- Khodar Bazar Location in West Bengal Khodar Bazar Location in India
- Coordinates: 22°21′38″N 88°25′38″E﻿ / ﻿22.3605°N 88.4271°E
- Country: India
- State: West Bengal
- District: South 24 Parganas
- CD block: Baruipur

Area
- • Total: 0.88 km^{2} (0.34 sq mi)
- Elevation: 9 m (30 ft)

Population (2011)
- • Total: 6,360
- • Density: 7,200/km^{2} (19,000/sq mi)

Languages
- • Official: Bengali
- • Additional official: English
- Time zone: UTC+5:30 (IST)
- PIN: 700144
- Telephone code: +91 33
- Vehicle registration: WB-19 to WB-22, WB-95 to WB-99
- Lok Sabha constituency: Jadavpur
- Vidhan Sabha constituency: Baruipur Paschim
- Website: www.s24pgs.gov.in

= Khodar Bazar =

Khodar Bazar is a census town within the jurisdiction of the Baruipur police station in the Baruipur CD block in the Baruipur subdivision of the South 24 Parganas district in the Indian State of West Bengal.

==Geography==

===Area overview===
Baruipur subdivision is a rural subdivision with moderate levels of urbanization. 31.05% of the population lives in the urban areas and 68.95% lives in the rural areas. In the southern portion of the subdivision (shown in the map alongside) there are 20 census towns. The entire district is situated in the Ganges Delta and the southern part is covered by the Baruipur-Jaynagar Plain. Archaeological excavations at Dhosa and Tilpi, on the bank of the Piyali River indicate the existence of human habitation around 2,000 years ago.

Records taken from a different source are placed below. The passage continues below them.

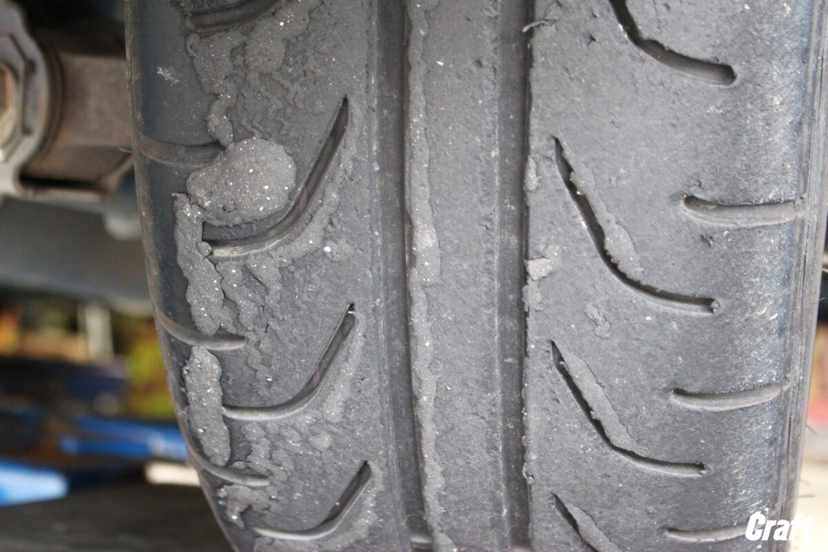グリップ力の高いタイヤはゴム(タイヤ)を溶かすようにグリップするのでこの様なベトベトしたタイヤかすが発生するのです。
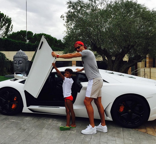 | Ngôi sao Real Ronaldo và con trai thích thú chụp hình bên siêu xe màu trắng. Tranh thủ được nghỉ, CR7 dành nhiều thời gian ở bên và chăm sóc con trai. |
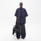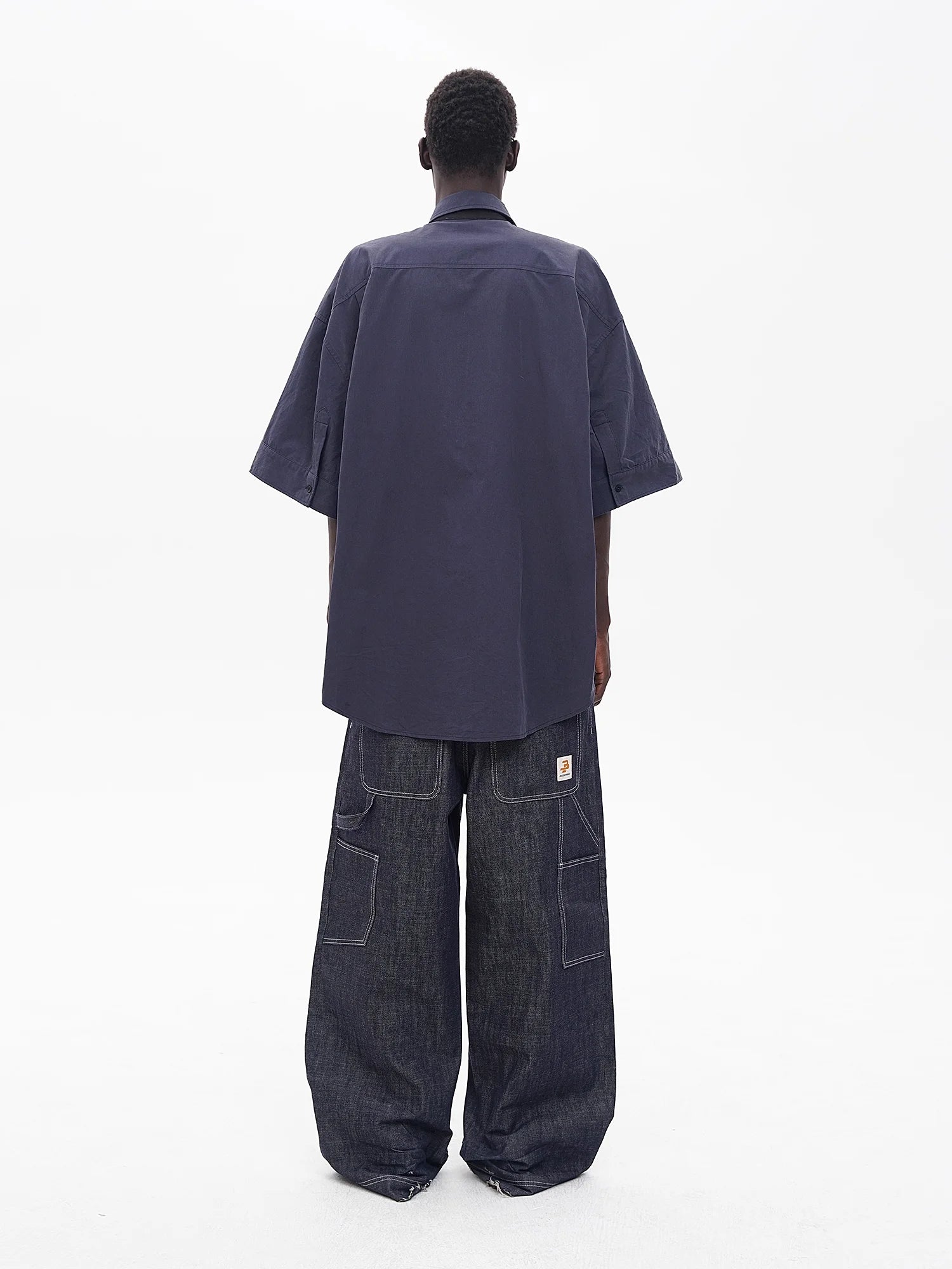 Elevate your streetwear style with this men's two-in-one short-sleeve button-up shirt, crafted from 100% cotton for all-day comfort. Designed with a loose fit and a modern urban flair, the shirt features a pointed collar, single chest pocket, and a sleek black tie for a polished contrast. Pair it effortlessly with wide-leg denim or casual trousers for a bold, fashion-forward look.
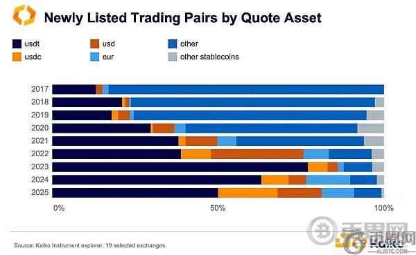这种转变与新上市的 USDT 报价对份额的普遍下降同时发生,从 2023 年占总上市量的 77% 下降到 2024 年的 63% 以下,到 2025 年迄今为止仅为 50%——这表明稳定币之间的竞争愈演愈烈。
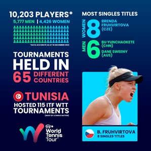The ITF World Tennis Tour delivered a standout season, with over 10,000 players in action across 1059 tournaments as competitive opportunities significantly increased across the Tour in 2022.
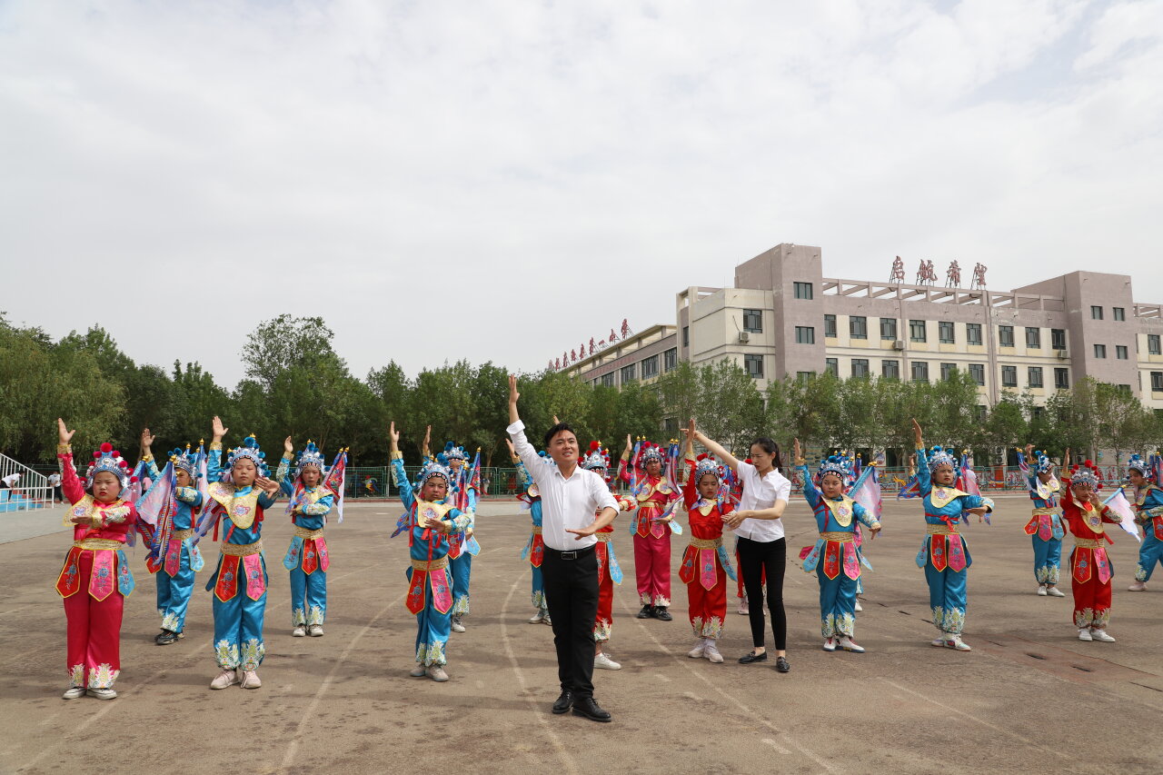 新疆維吾爾自治區吐魯番市的校園里,援疆教研員武麗華老師正在指導師生開展傳統文化教育。張勁松 攝
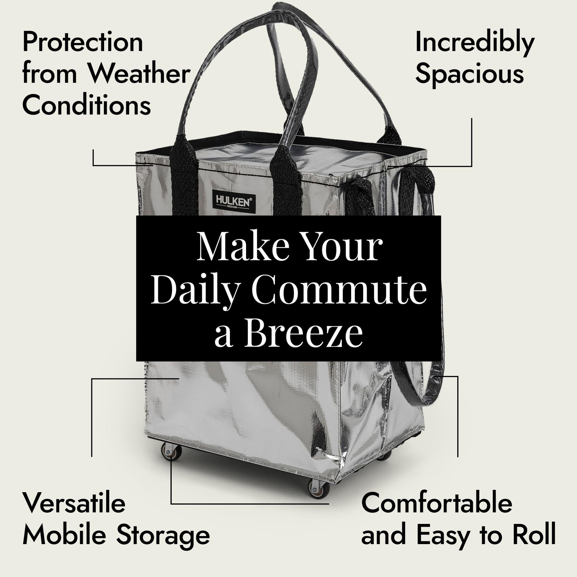 - DESIGNED FOR EFFORTLESS SCHLEPPING: Combining unbreakable ergonomic handles and multi-surface swivel wheels, the Hulken commuter tote is a rolling shopping bag that makes you feel limitless!
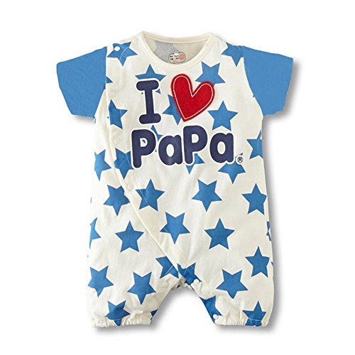 WIN ロンパース 半袖 綿 カバーオール ベビー 赤ちゃん 新生児 肌着 ボディースーツ 男の子 女の子 かわいい 夏 出産祝い 前開き 半袖 ロンパース (80cm, ブルー)
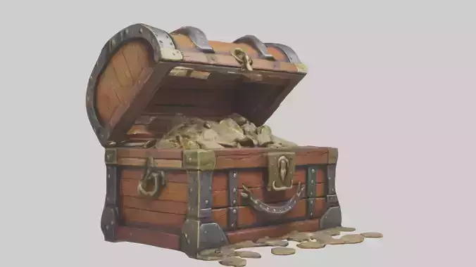 Treasure chest, pirate chest, fantasy treasure, wooden chest, locked chest, treasure box, old chest, ancient chest, pirate treasure, game prop, chest model, metal bands, brass lock, fantasy prop, ancient artifact.
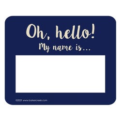 Our new Oh, hello! Name tags and self-adhesive labels are perfect for all ages! Package includes 45 multi-purpose self-adhesive name tags -- 15 each of 3 designs. The designs feature a lovely navy color and say 'Oh, Hello! My name is...', 'Hello! My name is...', and 'Hi there! My name is...'. There is also a box to write in your name. These name tags are perfect for the first week of school, field trips, assemblies, special visitors, staff meetings and more! They can also be used to personalize file folders, binders, and notebooks. The uses are limited only by your imagination!Includes: (45) Labels

Note: The map alongside presents some of the notable locations in the subdivision. All places marked in the map are linked in the larger full screen map.

===Location===
Khodar Bazar is located at . It has an average elevation of 9 m.

Khodar Bazar on the west, Salipur on the north, Baruipur (CT) on the east are census towns adjacent to Baruipur city, and Komarhat is a little away on the south, as per the map of the Baruipur CD block in the District Census Handbook for the South 24 Parganas.

==Demographics==
According to the 2011 Census of India, Khodar Bazar had a total population of 6,360, of which 3,325 (52%) were males and 3,035 (48%) were females. There were 657 persons in the age range of 0 to 6 years. The total number of literates in Khodar Bazar was 5,078 (89.04% of the population over 6 years).

==Infrastructure==
According to the District Census Handbook 2011, Khodar Bazar covered an area of 0.8797 km^{2}. Among the civic amenities, it had 15 km roads with open drains, the protected water supply involved borewells. It had 800 domestic electric connections and 25 road light points. Among the educational facilities it had were 2 primary schools, the nearest secondary school, the nearest senior secondary school at Baruipur 1 km away. The three important commodities it produced were: surgical materials, embroidery and snacks.

==Transport==
A short stretch of local roads link Khodar Bazar to the State Highway 1.

Shasan Road railway station is located nearby.

==Healthcare==
Hariharpur Block Primary Health Centre, with 10 beds, at Hariharpur (PO Mallikpur), is the major government medical facility in the Baruipur CD block.